Ms Anna-Maria Arabia, Chair, Board of Directors
ACOLA Secretariat Limited
ACOLA STRATEGIC STATEMENT
Australia’s four Learned Academies are independent organisations made up of the Nation’s leading experts in the major fields of relevant enquiry. More than 2000 of the nation’s most eminent scientists, researchers, scholars and practitioners contribute to this rich source of expert knowledge.
ACOLA provides the forum for the four Learned Academies to work cooperatively to develop cutting-edge thinking and integrated problem solving. ACOLA’s purpose is to harness expert knowledge from multiple disciplinary perspectives, to inform national policy and to develop innovative solutions to complex global problems and emerging national needs.
Chair’s Report
Throughout the year, ACOLA delivered seven major interdisciplinary research projects under the SAF program. A busy end to the period also saw near finalisation of an additional two reports for launch and dissemination in the near future.
An important additional component of ACOLA’s completion of the SAF program included an overall SAF program review. There were several components to this project, of which one included an external review by Dr Richard Bissell, Executive Director of Public Policy and Global Affairs at the US National Academies in Washington DC. Amongst other findings about ACOLA’s delivery of the SAF program, Dr Bissell’s review appropriately concluded:
“A fundamental tenet …is the interdisciplinary nature of the enterprise. The ability to mobilize first-rate expertise across the science, engineering, social science and humanities communities is quite extraordinary.

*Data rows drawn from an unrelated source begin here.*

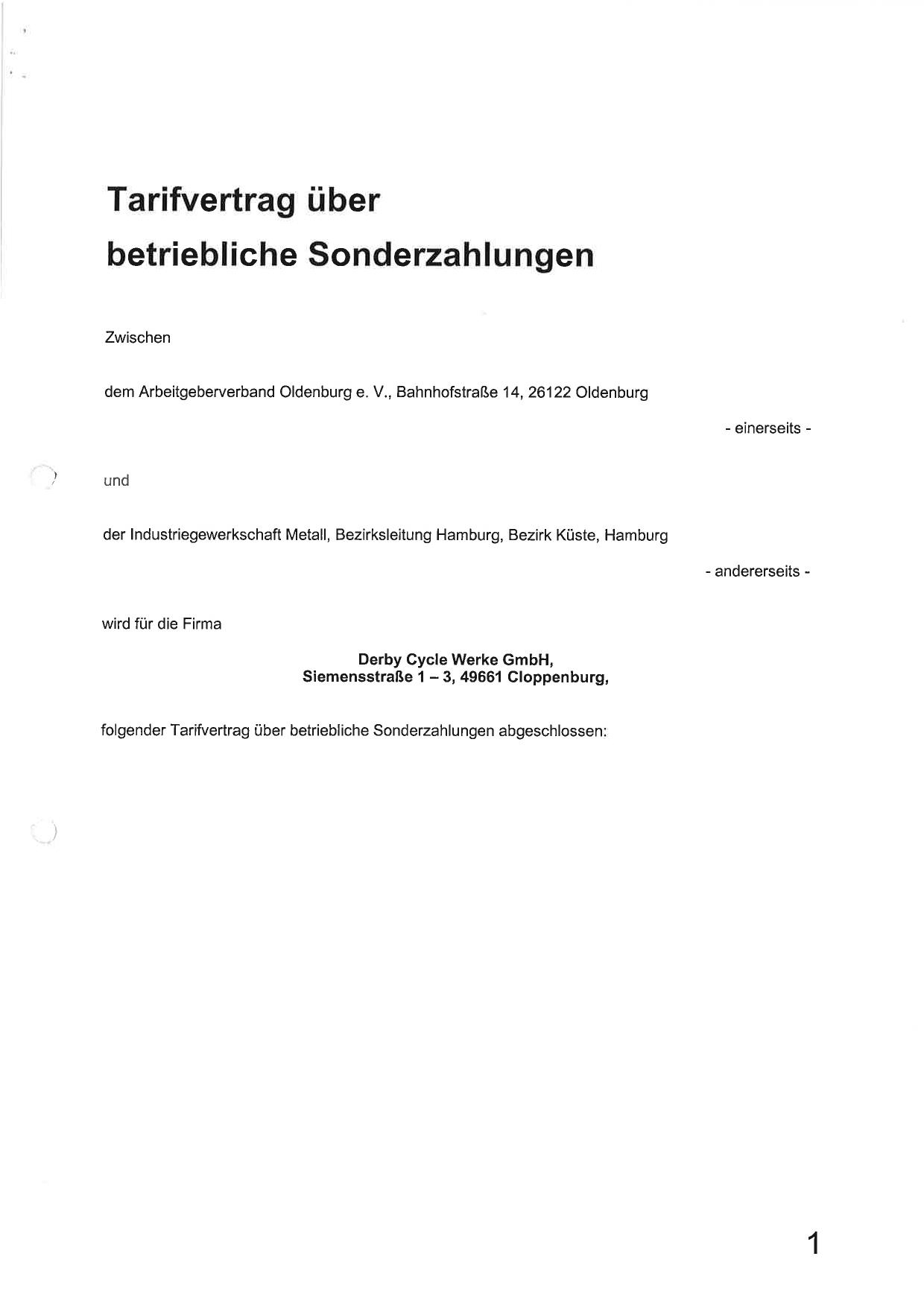 Tarifvertrag über betriebliche Sonderzahlung (2008)
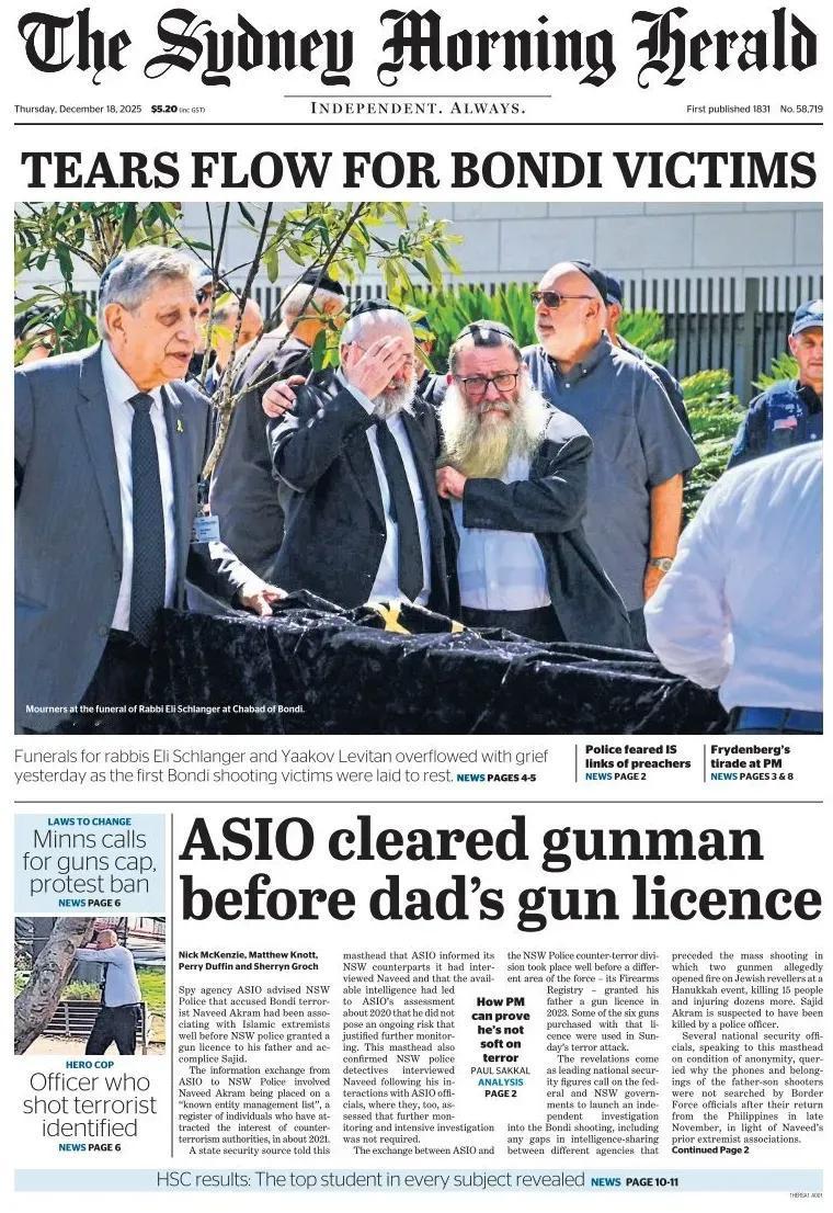 《悉尼先驱晨报》头版报道称,在邦迪地区查巴德犹太教堂为拉比伊莱·施兰格举行葬礼时的哀悼者。 昨天,拉比伊莱·施兰格和雅科夫·列维坦的葬礼上充满了悲痛,因为悉尼邦迪枪击案的首批受害者被安葬。 该报关注了,在悉尼邦迪海滩惨案中行凶者的父亲获得枪支许可证之前,澳新情报局曾为枪手“放行” 。 澳大利亚间谍机构澳新情报局告知新南威尔士州警方,在该州警方为被指控的邦迪恐怖分子纳维德·阿克拉姆的父亲兼同谋萨吉德发放枪支许可证之前,纳维德就一直在与伊斯兰极端分子交往。 本报获悉,澳新情报局已告知其新南威尔士州的对口部门,他们已对纳维德进行了询问,现有情报使澳新情报局在2020年左右评估认为,他不存在持续构成需要进一步监控的风险。 本报还证实,新南威尔士州警方反恐侦探在纳维德与澳新情报局官员接触后对他进行了询问,他们也认为不需要进一步监控和深入调查。 新南威尔士州警方反恐部门的上述行动早在该州警方的另一个部门——枪支登记处——于2023年为他的父亲发放枪支许可证之前就已进行。用该许可证购买的六支枪中的一些被用于周日的恐怖袭击。 此次事件发生在一场大规模枪击案之前,据称两名枪手在光明节活动中向犹太狂欢者开枪,造成15人死亡,数十人受伤。 萨吉德·阿克拉姆疑似被一名警察击毙。 澳新情报局与新南威尔士州警方的信息交流涉及在2021年左右将纳维德·阿克拉姆列入“已知实体管理名单”,这是一份引起反恐当局关注的人员登记册。 几位国家安全官员在匿名的情况下向本报表示,鉴于纳维德此前与极端分子的关联,他们质疑边境部队官员在这对父子枪手11月下旬从菲律宾返回后,为何没有搜查他们的手机和财物。 这些爆料出现之际,主要国家安全人物呼吁联邦政府和新南威尔士州政府对邦迪枪击案展开独立调查,包括情报共享方面的任何漏洞。 一位国家安全消息人士告诉本报 。
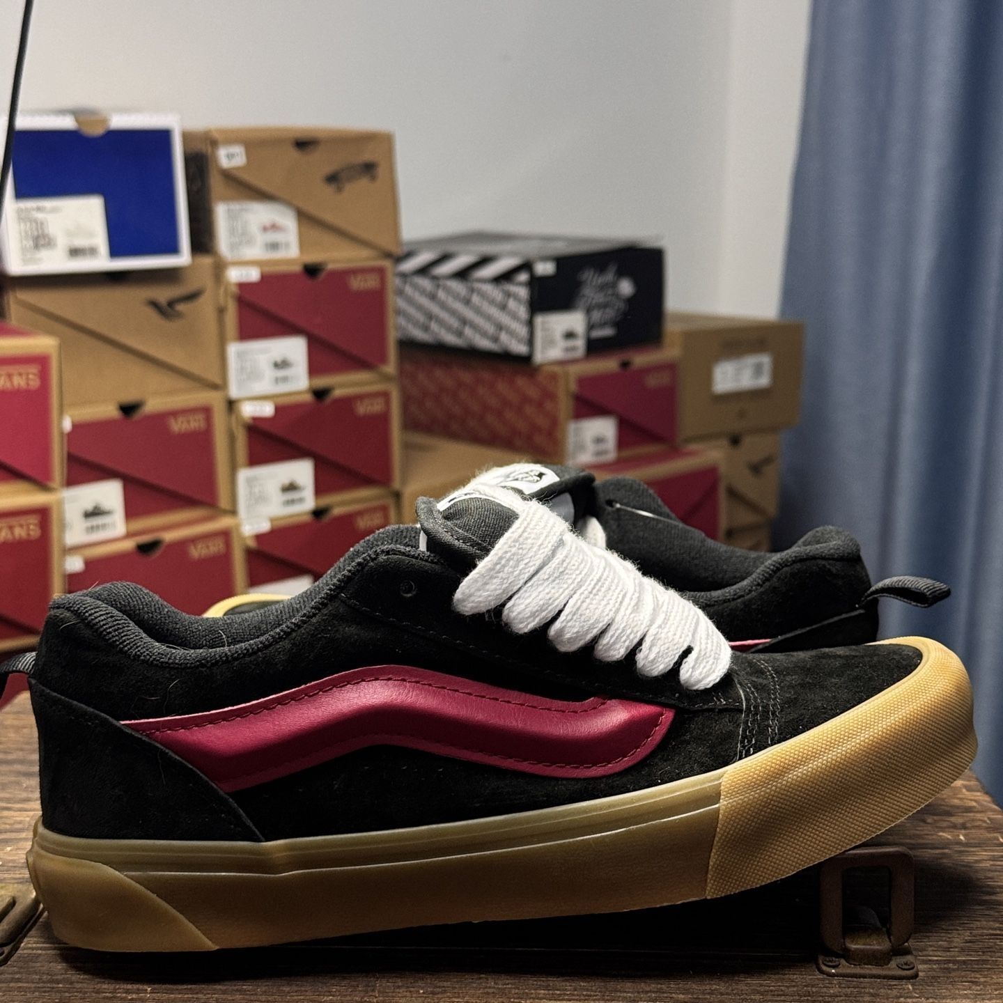 本篇笔记关联了Vans/范斯 Knu-Skool 面包鞋 滑板鞋 板鞋 复古美式时尚防水 黑色/粉色等商品,为用户提供真实的使用体验和购买参考。
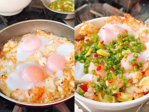 เมื่อนำไข่กับกุ้งเทลงกระทะ เห็นแล้วถึงกับตักข้าวรอกินทันที
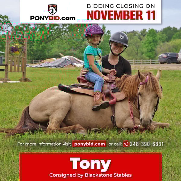 𝓽𝓱𝓮 𝐑𝐈𝐃𝐄𝐑'𝐒 𝓒𝓱𝓸𝓲𝓬𝓮 🐴 𝐏𝐎𝐍𝐘 𝐄𝐃𝐈𝐓𝐈𝐎𝐍 🐴 Happening now thru TUESDAY | NOVEMBER 11th - Available EXCLUSIVELY on Ponybid's website! For more details and to register visit: www.Ponybid.com CONSIGNOR CONTACT: Blackstone Stables 248-390-6831 LOCATION: Howell, MI BREED: Pony REGISTERED: No COLOR: Champagne HEIGHT: 12.1 AGE: 5 GENDER: Gelding Stop your scrolling! Here is the ultimate safe AND talented pony with show experience and trick training! I’m proud to introduce and offer Tony The Pony! He is the pony that kids dream of owning and that parents trust to keep their kiddos safe. Tony is a unique champagne color with a beautiful thick mane and tail. He is 5 years old and stands a stout 12.1hh. Tony is a pony anybody can ride! He walk trot and canters on a loose rein, steers with leg and seat, has flying lead changes, and has excellent breaks. You can ride him in a snaffle bit or no bit at all! Tony has been working in our lesson program teaching all types of riders including the first timers to the more advanced students that jump and show. Tony has attended several schooling shows! He performed well in the chaos and won a few blue ribbons! He most recently competed in a Halloween show and was a part of a costume parade, arguably the cutest minion at the show!! Tony also rides western! He trail rides like an old pro. Nothing phases him out in the woods. He’s seen it all from the hills, creeks, ponds, thick brush, logs, mud, and wildlife. Just when you think Tony couldn’t get any better well he is also trick trained! He knows how to sit and lay down on command. A tap on his left shoulder blade or on his left front pasture and he lays right down to get on or off. Tony has wonderful ground manners. He will ground tie, cross tie, or tie to a post and stand all day to be groomed. He also stands for other things like saddling, farrier, mounting/dismounting, bathing etc. He is also well broke to ride. Hook him up and head to town, a parade or take him sledding in a snowy day, he’s game to do it! He is a finished, safe, quiet, bombproof pony with absolutely no holes in his training! On top of that he has the talent and training to take your young rider to the top of his/her class. What more could you want in a kids pony?!?!? Come meet Tony and he’s sure to steal your heart!

Indeed, there is no comparable effort outside Australia that has been able to sustain such an integrated structure beyond a one-off study …In that sense, the work of the SAF is not only a unique asset in Australia; it is also a model that academies abroad should watch closely to see whether it can be institutionalized”.
Building on Dr Bissell’s assessment of the program and supporting continuation of ACOLA’s interdisciplinary approach to policy advice, the SAF Program Review also allowed ACOLA to begin mapping out its next strategic plan through to 2020. Development of this new forward looking plan coincided with Dr Alan Finkel’s appointment as Chief Scientist of Australia succeeding Prof Ian Chubb.
Close and continued relations with the Office of the Chief Scientist remain an important platform for ACOLA, and through it for Australia’s four Learned Academies, to apply their intellectual strengths to address questions of major significance to Australia. This includes the Chief Scientist’s co-sponsorship of a new ACOLA project to examine the social, cultural and economic determinants of wide-spread uptake of energy storage technologies in Australia.
The period also saw change within ACOLA’s staffing and governance. That is, in late May 2016, Dr Angus Henderson was appointed as ACOLA’s General Manager. He succeeded, ACOLA’s inaugural General Manager, Dr Jacques de Vos Malan, who departed after some six years in the role and having guided delivery of the SAF program. Other key program staff also departed along with SAF program’s conclusion.
Additionally, in terms of governance, ATSE Chief Executive Officer, Dr Margaret Hartley, served as Chair of the Board during the 2015 calendar year before AAS assumed its role as Chair at the commencement of 2016.
I take this opportunity to thank my colleagues for their diligence and cooperation throughout FY2016.